The previous transition matrix that we had presented was calculated using the maximum likelihood estimator for discrete-time Markov chains presented in the previous lecture. The table below shows the difference in estimates of the expected time to default based on this approach and the Aalen-Johansen estimator presented by Lando and Skodeberg for the year $1997$. Lando and Skodeberg don't say much about it but one interesting outcome is that the expected times to default are much longer using this approach.

Rating	Discrete MLE	Aalen-Johansen
AAA	167	284
AA	157	261
A	147	238
BBB	130	214
BB	100	192
B	57	148
CCC	18	63
D	0	0

Likelihood Ratio Tests of Some Effects

Lando and Skodeberg go on to investigate another model which attempts to explain the non-homogeneity of the transition probabilities of rating migrations in terms of covariates, that is, additional variables not considered in the model. Note that this is a divergence from the Markov assumption but often justified in practice. The author has found similar results in mortgage modeling in industry using very similar models.

Let $Z(t)$ denote a covariate of interest which is known at time $t$ and is assumed to be related to the probability of a ratings transition, e.g. some variable, such as the length of time in the current state.
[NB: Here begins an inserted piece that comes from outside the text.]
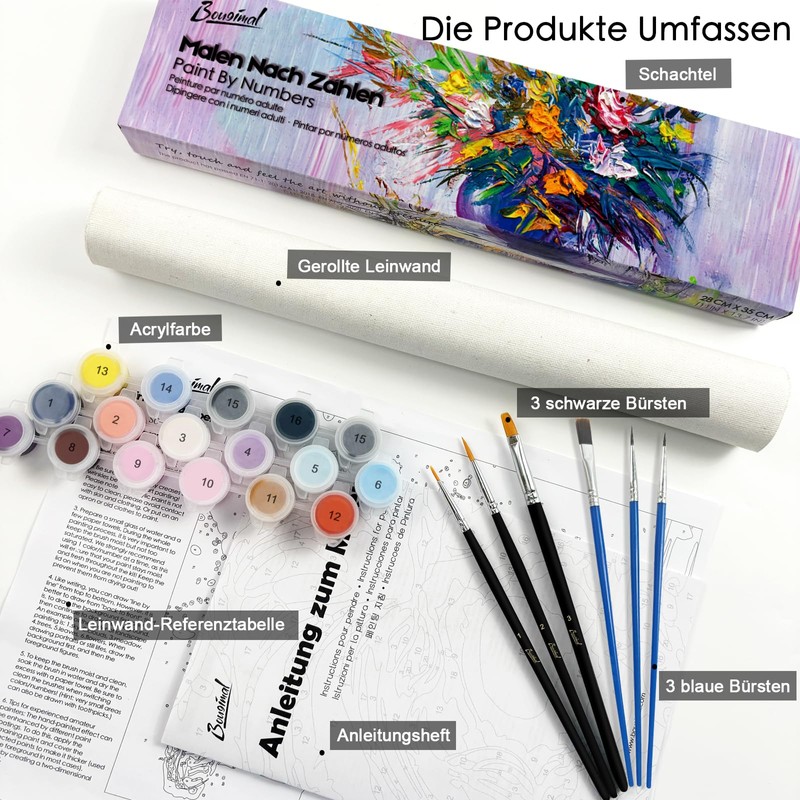 Bougimal Paint by Numbers Adult Landscape without Frame Including Brush and Acrylic Paints - 28 x 35 cm, Colourful Flowers 3

The particular model that Lando and Skodeberg propose is the following: \begin{eqnarray} Q_{s,s'}\left(t, Z(t)\right) = \alpha_{s,s'}(t) \exp\left(\beta_{s,s'} Z(t)\right)\tag{5}\label{exp} \end{eqnarray} where $\alpha_{s,s'}(t)$ is an unknown non-negative function and $\beta_{s,s'}$ is an unknown real parameter. Lando and Skodeberg use a method from a family of techniques called partial likelihood where one ignores some of the data in a way that allows one to ignore some of the parameters. In the case of the model specified by model (\ref{exp}), the parameters are the function $\alpha_{s,s'}(t)$ and the matrix $\beta$. The function $\alpha_{s,s'}(t)$ is nonparametric and so traditional maximum likelihood wouldn't work for this model. However, partial likelihood can provide a provably consistent estimator. We do not discuss further details of partial likelihood here.
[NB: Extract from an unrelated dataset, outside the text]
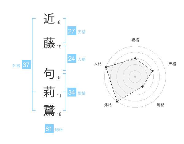 近藤 句莉鵞さんを姓名の画数から五運を鑑定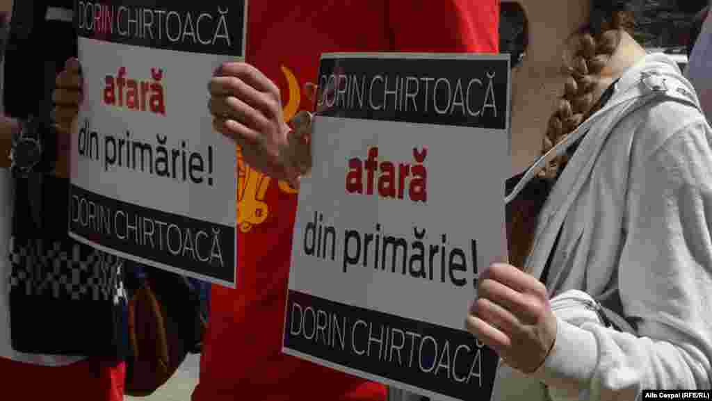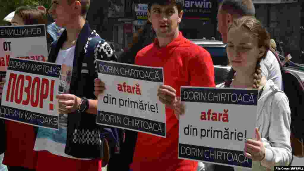 Fracţiunea socialistă şi cea popular europeană din Consiliul Municipal Chişinău au organizat, separat, astăzi proteste la Primăria Capitalei, cerând demisia primarului Dorin Chirtoacă. Consilierii din fracţiunea Popular Europeană din Moldova au schiţat şi o cerere de demisie pe care i-au prezentat-o primarului Chirtoacă. Activiştii socialişti au scandat „Chirtoacă pleacă!”, „Demisia!”, „Jos liberalii!” şi „Ruşine!”. Protestele au fost organizate în contextul incidentului de miercuri seara din sectorul Rîşcani, unde un teren aferent filialei unei bănci private s-a păbuşit în şantierul aflat în preajmă. Procuratura Generală a anunţat iniţierea urmăririi penale pe acest caz.

Using the partial likleihood approach, Lando and Skodeberg use likelihood ratio tests to test the significant of the $\beta$ parameters, in particular, whether $\beta_{i,i+1} = 0$ and whether $\beta_{i,i-1} = 0$ where we assume the ratings are in order of default risk. They look at two important covariates: previous transition and duration in the current rating. In order to ensure sufficient data, they only look at transitions to a neighboring rating. They're conclusions are as follows:

Previous transition:
If the previous transition was a downgrade, there is a significant increase in the probability of a subsequent downgrade from most ratings. If the previous transition was an upgrade, there is no significant increase in the probability of a subsequent upgrade from most ratings.
Duration in previous rating:
The probability of downgrade decreases as the time in the current rating increases in a statistically significant way from all ratings. The probability of upgrade decreases as the time in the current rating increases in a statistically significant way from most ratings.

References

1. The main reference on credit rating migrations for this lecture is:

   Lando, David and Skodeberg, Torben M. Analyzing rating transitions and rating drift with continuous observations. Journal of Banking and Finance 26 (2002), 423-444.

2. A reference for continuous time Markov chains is:

   Kijima, Masaaki. Markov Processes for Stochastic Modeling, chapter 4. Chapman and Hall, 1997.